To put it simply, players have value, and the right package of players could not only buy down some of Stanton’s massive contract but also sway the Marlins’ front office to their side of the negotiating table. Of course, the Marlins know this too.
Recent reports suggest Miami gave Stanton an ultimatum as far back as October, making it crystal clear that he has two choices: Accept the trade proposal the FO eventually puts in front of him, or become a squatter on a roster ripped apart in a relentless attempt to reduce payroll.
If true, this report only makes sense if Miami was anticipating a deal with St. Louis, the town Stanton supposedly refuses to go to. Think about it…
If the Dodgers – again, supposedly Stanton’s number one choice – were in play, there would be no reason to threaten the eventual NL MVP. The same is true with San Francisco. While it’s not LA, the Giants’ geography still fits with Stanton’s reported obsession with the west coast. And Boston? Pfft. Recent reports out of whatever deep, dark room keeps spewing such garbage have the Red Sox interest as “tepid” at best.
That only leaves the Cardinals (and whatever lurking, mystery team is out there…if you believe that).
If Miami executives expected, as most did, that the best trade package from the most motivated buyer would inevitably come from St. Louis, they certainly could have started paving the way for such a deal early on by telling Giancarlo, “It’s Missouri or bust, bub.”
And, to use the common buzz words flying around Twitter these days, I’m fairly confident in that assessment.
So what’s with all these reports of other teams, then?
If you’ve been paying attention the last 72 hours, you’ve heard all manner of rumor come careening out of the mill.

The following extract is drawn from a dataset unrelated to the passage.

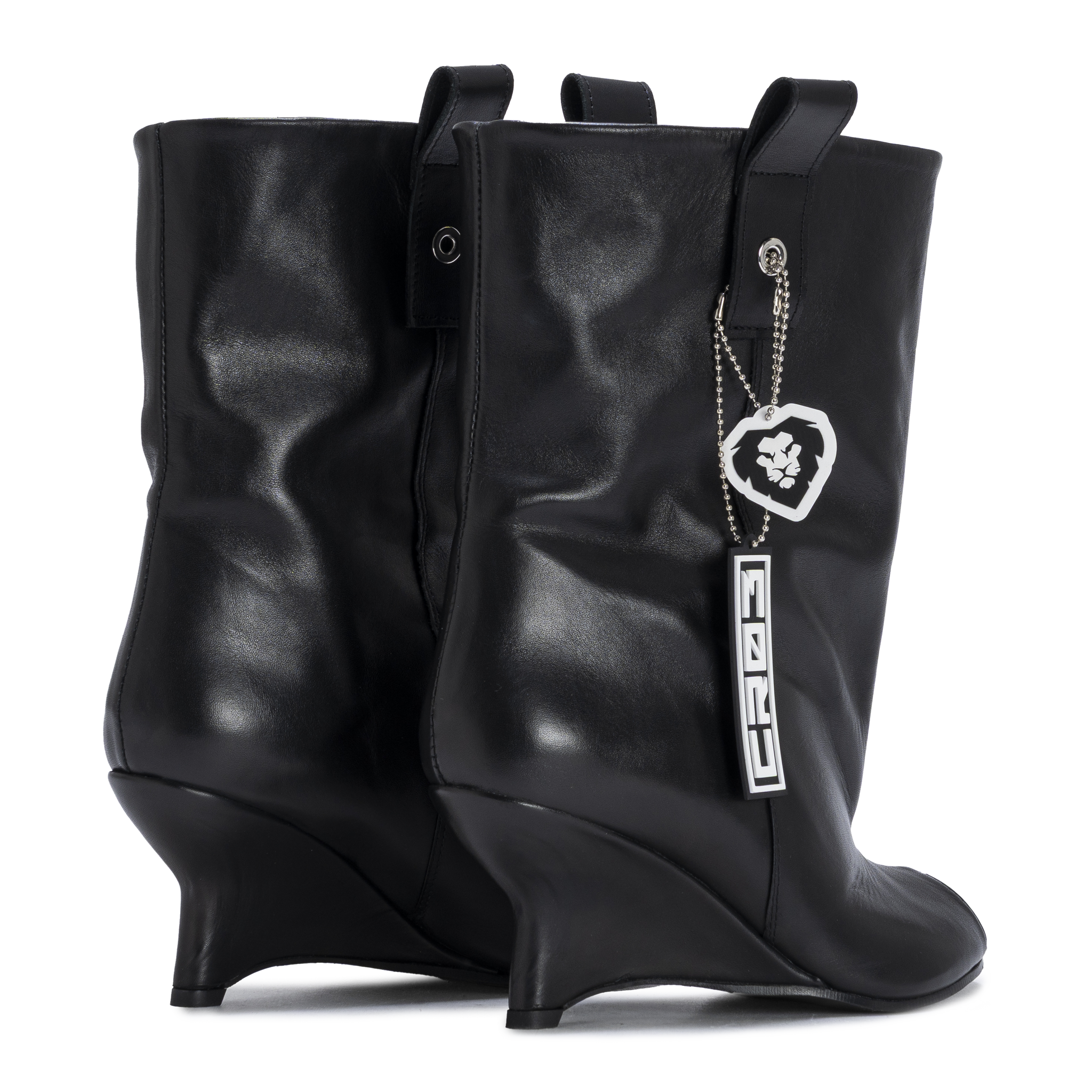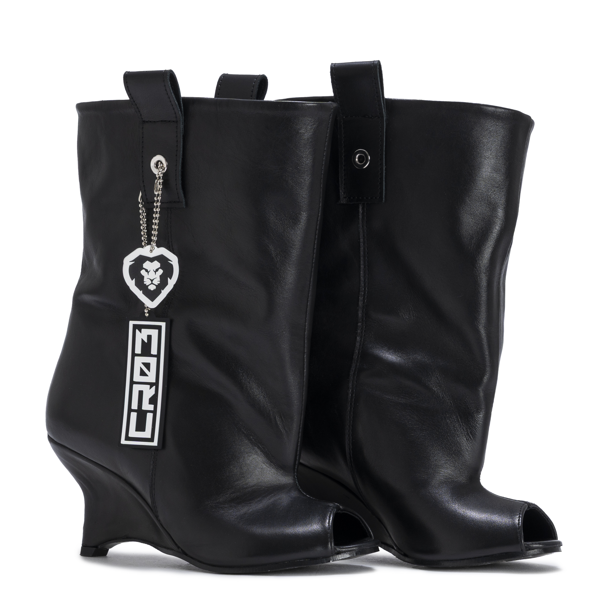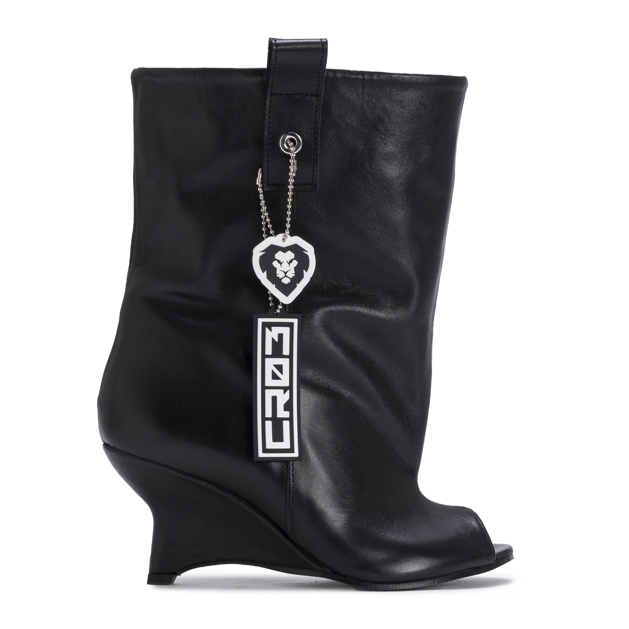Crafted in smooth black leather, MONARCH features a curved wedge heel that reshapes the silhouette with architectural precision. The soft upper contrasts with the structured base, creating a balance between movement and control.

The best one…
The Dodgers are Stanton’s preferred team, and they could easily clear payroll, carry his salary, and finally position themselves to win it all.
The problem is, LA isn’t motivated enough to do what needs to get done to win the Stanton Sweepstakes. Let’s not forget that the Dodgers were one of the best teams in baseball just months ago, a status they lived up to by making it to the World Series and nearly winning it all. Such a team doesn’t need a big splash signing like Giancarlo Stanton. They need tweaks and maybe one more year of seasoning. That’s it.
Besides, if the Dodgers were really such a big player and obvious winner for Stanton’s services, you wouldn’t be hearing quite so much about it. Such a media blitz only kills any leverage the Marlins have to negotiate a good price for their slugger.
(And if you still believe MLB front offices don’t selectively leak information to better their negotiating position, we can’t be friends anymore.)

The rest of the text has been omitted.